__Work required__. What is needed here is each entry reproduced exactly, without its pictures.

Content starts

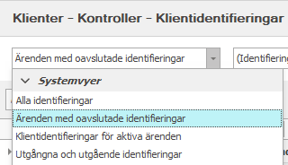 - Ärenden med oavslutade identifieringar, listar de klientidentifieringar som är länkade till ett ärende där det finns en eller fler oavslutade identifieringar.
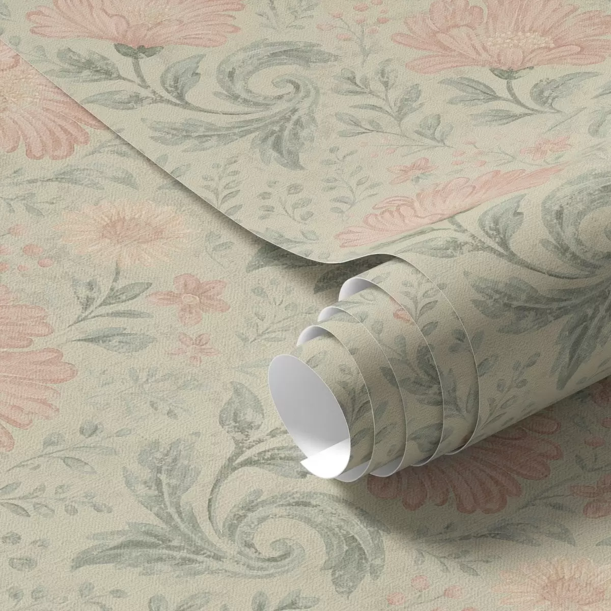 Tapeta Vintage veliki cvetovi breskve z listi žajblja Št. a00580
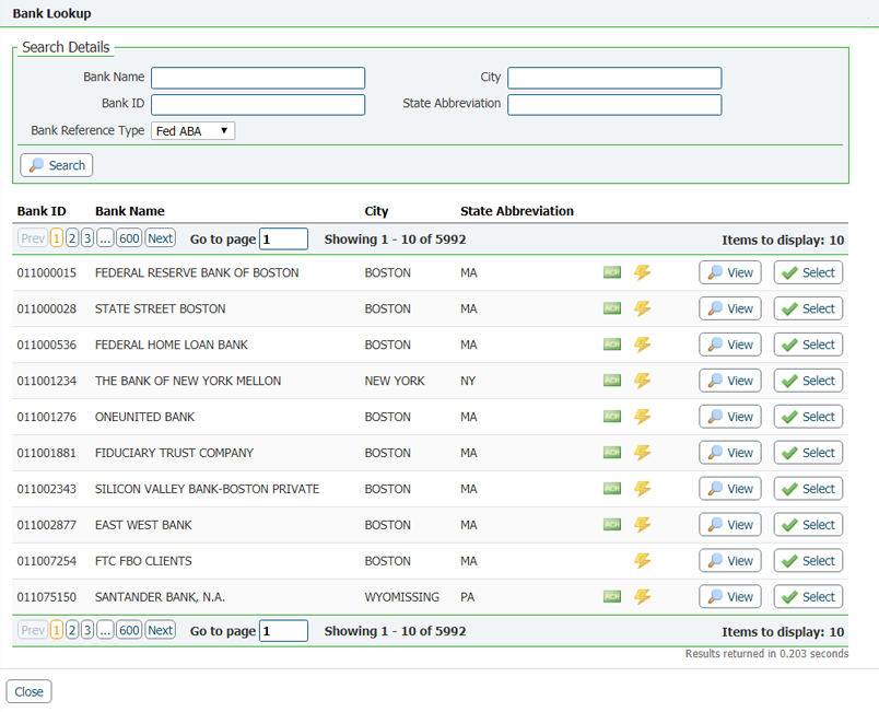 6. Click Bank Lookup to preview how easy it is to find bank information
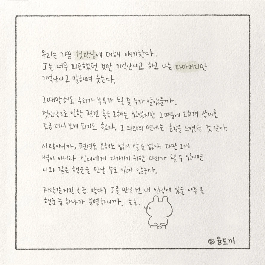 우리는 가끔 첫 만남에 대해 얘기한다. J는 너무 피곤했던 것만 기억난다고 하고 나는 파마머리만 기억난다고 말하며 웃는다. 그때만 해도 우리가 부부가 될 줄 누가 알았을까. 첫인상으로 인한 편견 혹은 오해는 있었지만(순전히 나 혼자만의) 그 때문에 오히려 상대를 조금 다시 보게 되기도 했다. 그 의외의 면에는 호감을 느꼈던 것 같다.
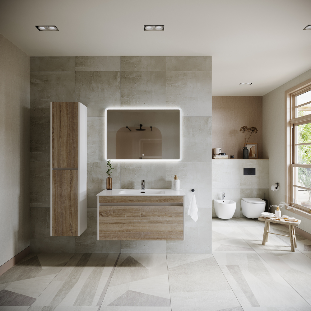 Шкаф-пенал SANCOS Smart подвесной Дуб Бардолино/белый, две дверцы, петли с доводчиками, расположение петель R/L, 350х300х1600 мм, арт. PSM35E

Content ends

__Answer__.
 - Ärenden med oavslutade identifieringar, listar de klientidentifieringar som är länkade till ett ärende där det finns en eller fler oavslutade identifieringar.
 Tapeta Vintage veliki cvetovi breskve z listi žajblja Št. a00580
 6. Click Bank Lookup to preview how easy it is to find bank information
 우리는 가끔 첫 만남에 대해 얘기한다. J는 너무 피곤했던 것만 기억난다고 하고 나는 파마머리만 기억난다고 말하며 웃는다. 그때만 해도 우리가 부부가 될 줄 누가 알았을까. 첫인상으로 인한 편견 혹은 오해는 있었지만(순전히 나 혼자만의) 그 때문에 오히려 상대를 조금 다시 보게 되기도 했다. 그 의외의 면에는 호감을 느꼈던 것 같다.
 Шкаф-пенал SANCOS Smart подвесной Дуб Бардолино/белый, две дверцы, петли с доводчиками, расположение петель R/L, 350х300х1600 мм, арт. PSM35E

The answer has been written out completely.